For more information on waterfowl populations and habitat conditions on the breeding grounds, go to flyways.us.

Magazine Sidebars:

Waterfowl Harvests Remain High

Looking back at the 2008-2009 waterfowl season, the U.S. Fish and Wildlife Service estimates that hunters bagged a total of 13.7 million ducks in the United States—down slightly from the 2007-2008 harvest of 14.6 million ducks. Mallards were once again the most commonly taken waterfowl species, comprising roughly one in three ducks harvested in the United States last season. The next most commonly harvested ducks were green-winged teal, gadwalls, wood ducks, and blue-winged/cinnamon teal (in that order). U.S. waterfowlers also bagged an estimated 3.8 million geese—a slight increase from the previous year's harvest and near a record high.

Liberal Regulations Recommended Again

For the thirteenth consecutive year, the U.S. Fish and Wildlife Service (USFWS) has recommended liberal hunting regulations for the upcoming waterfowl season in every flyway. This year's midcontinent mallard population of 8.7 million birds (including combined estimates of mallards in the traditional survey area and Great Lakes states) and 3.6 million May ponds in Prairie Canada easily ensured that liberal hunting regulations would remain in place in the Central and Mississippi flyways (see matrix). Populations of eastern and western mallards also remained healthy, allowing for liberal hunting regulations in the Atlantic and Pacific flyways as well. 

The USFWS also considers the status of certain individual duck species during the annual regulations-setting process. This year's pintail breeding population of 3.2 million birds was up 23 percent from the 2008 estimate.

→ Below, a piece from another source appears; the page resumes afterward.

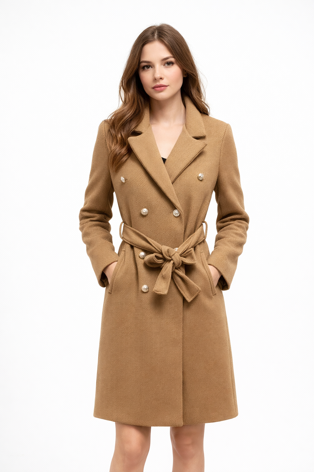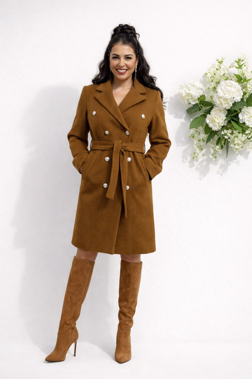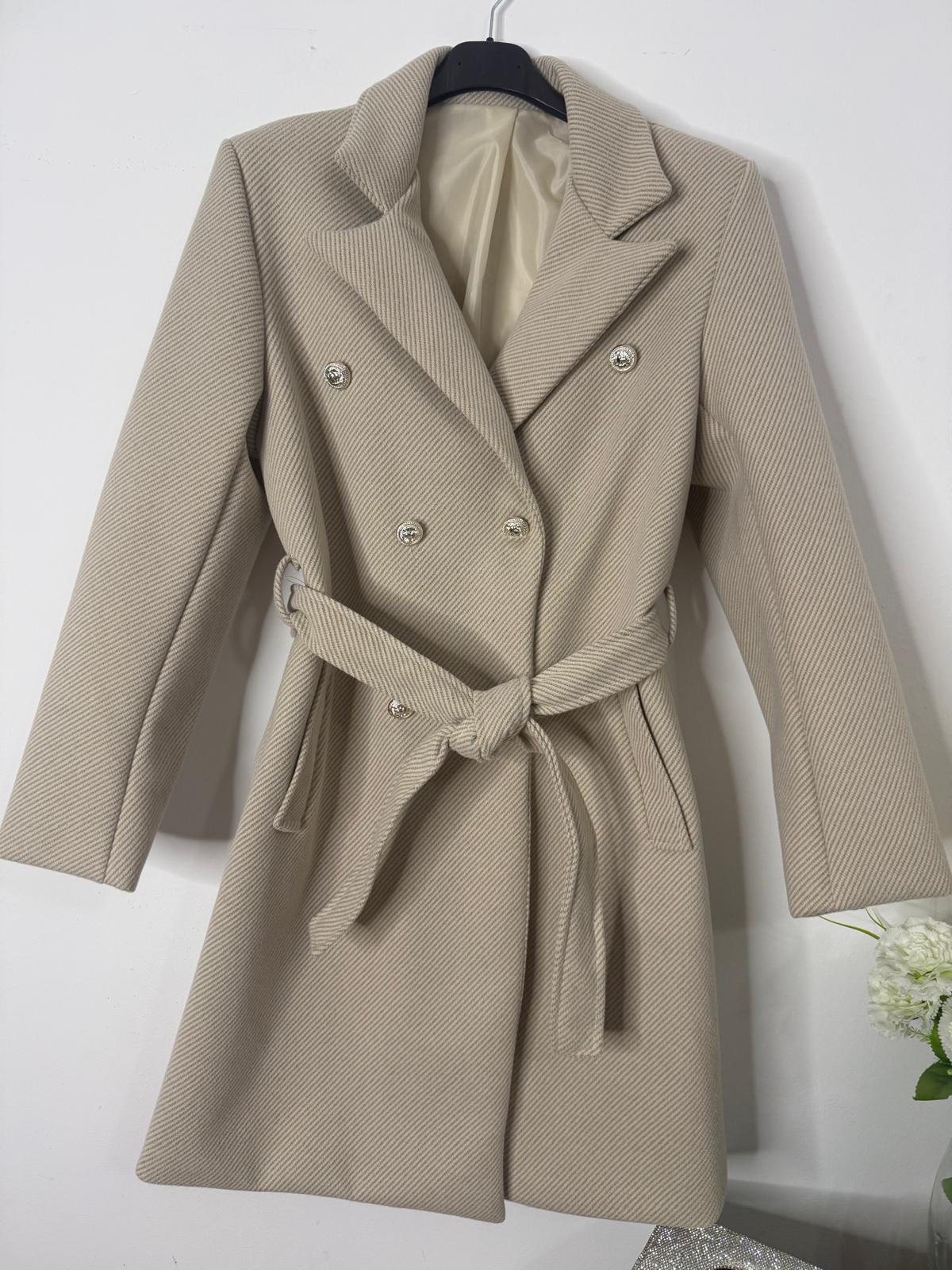Stylowy płaszcz wykonany z miękkiego, przyjemnego w dotyku materiału. Klasyczny krój pięknie układa się na sylwetce, a złote guziczki dodają mu elegancji i charakteru. Model posiada praktyczne kieszenie oraz pasek do wiązania w talii.

As a result, the USFWS has increased the daily bag limit for pintails in the Pacific Flyway from one to two birds this year. The bag limit for pintails in the Atlantic, Mississippi, and Central flyways will remain one bird per day throughout the regular waterfowl season.    

In addition, canvasback numbers were up 35 percent in 2009, increasing from 489,000 birds in 2008 to 662,000 birds this year. Consequently, the USFWS has reinstated a full canvasback season with a one-bird daily bag limit in every flyway. In other news, the USFWS recently revised its scaup management strategy to include restrictive, moderate, and liberal harvest alternatives. Based on a breeding population of 4.2 million scaup in 2009, the USFWS has prescribed a moderate harvest package this year. A full season with a daily bag limit of two scaup was recommended in the Mississippi, Central, and Atlantic flyways, and an 86-day season with a daily limit of three scaup was allowed in the Pacific Flyway.

Waterfowl hunting regulations are determined each year by the USFWS in consultation with the flyway councils and not by Ducks Unlimited. Check with your state wildlife agency for season dates, daily bag limits, shooting times, and other waterfowl regulations where you plan to hunt.